**WHAT YOU SHOULD DO**.
Although the entries contain pictures, repeat only their words, exactly as written.

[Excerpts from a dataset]

__________

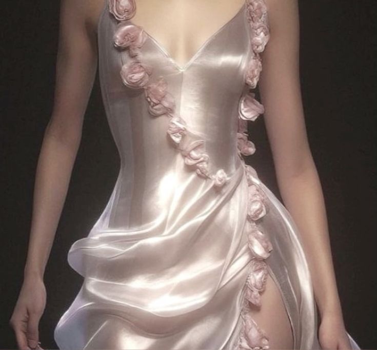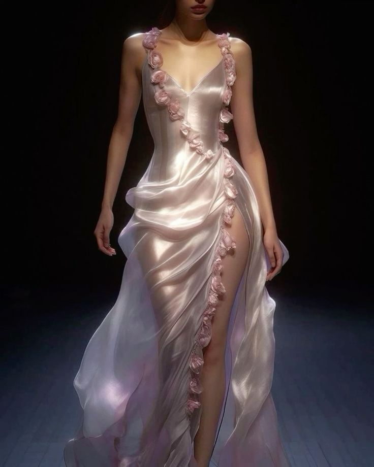 3D Flowers Sexy Long Dress,Pink V Neck Evening Party Dress fg7377
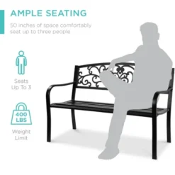 Enjoy sunny afternoons from your yard or patio with an elegant bench that complements any outdoor space. Floral accents ornate your bench for a charming, old-fashioned touch. This clever modern design is lightweight enough to easily move as needed, yet sturdy enough to hold 3 people, up to 400 lbs.
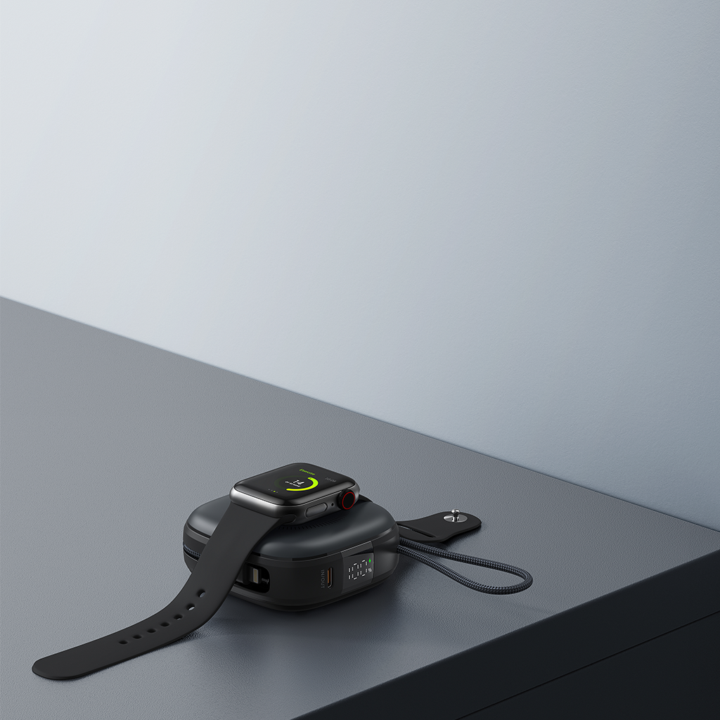 Không cần mang theo bộ sạc riêng, Mazer MagLink18i đã tích hợp sẵn bộ sạc không dây 2.5W dành riêng cho Apple Watch, giúp bạn dễ dàng nạp năng lượng cho smartwatch mà không cần đến dây cáp.
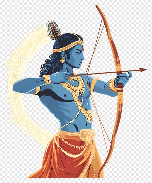 Download this striking PNG image of Lord Rama, the revered Hindu deity and seventh avatar of Vishnu, powerfully poised with his bow and arrow. This high-quality vector illustration features his iconic blue skin, adorned with intricate golden jewelry, a feathered crown, and a radiant golden chakra behind him. Perfect for religious projects, cultural designs, Diwali greetings, Ram Navami celebrations, or any spiritual artwork. Get this transparent background, high-resolution graphic for free and add a touch of divine strength to your creations today!
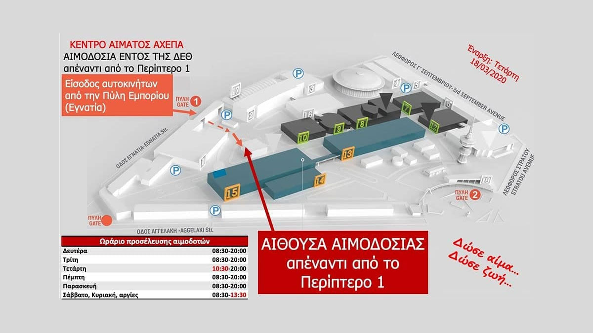 📝 Με τα αποθέματα αίματος να στερεύουν επικίνδυνα και για λόγους καλύτερης εξυπηρέτησης, από την Τετάρτη 18 Μαρτίου 2020, στην Αίθουσα Αιμοδοσίας, που λειτουργεί εντός της Διεθνούς Έκθεσης Θεσσαλονίκης, θα ισχύει το παρακάτω ωράριο προσέλευσης αιμοδοτών:

__________

**RESPONSE TO THE EXERCISE**.
 3D Flowers Sexy Long Dress,Pink V Neck Evening Party Dress fg7377
 Enjoy sunny afternoons from your yard or patio with an elegant bench that complements any outdoor space. Floral accents ornate your bench for a charming, old-fashioned touch. This clever modern design is lightweight enough to easily move as needed, yet sturdy enough to hold 3 people, up to 400 lbs.
 Không cần mang theo bộ sạc riêng, Mazer MagLink18i đã tích hợp sẵn bộ sạc không dây 2.5W dành riêng cho Apple Watch, giúp bạn dễ dàng nạp năng lượng cho smartwatch mà không cần đến dây cáp.
 Download this striking PNG image of Lord Rama, the revered Hindu deity and seventh avatar of Vishnu, powerfully poised with his bow and arrow. This high-quality vector illustration features his iconic blue skin, adorned with intricate golden jewelry, a feathered crown, and a radiant golden chakra behind him. Perfect for religious projects, cultural designs, Diwali greetings, Ram Navami celebrations, or any spiritual artwork. Get this transparent background, high-resolution graphic for free and add a touch of divine strength to your creations today!
 📝 Με τα αποθέματα αίματος να στερεύουν επικίνδυνα και για λόγους καλύτερης εξυπηρέτησης, από την Τετάρτη 18 Μαρτίου 2020, στην Αίθουσα Αιμοδοσίας, που λειτουργεί εντός της Διεθνούς Έκθεσης Θεσσαλονίκης, θα ισχύει το παρακάτω ωράριο προσέλευσης αιμοδοτών:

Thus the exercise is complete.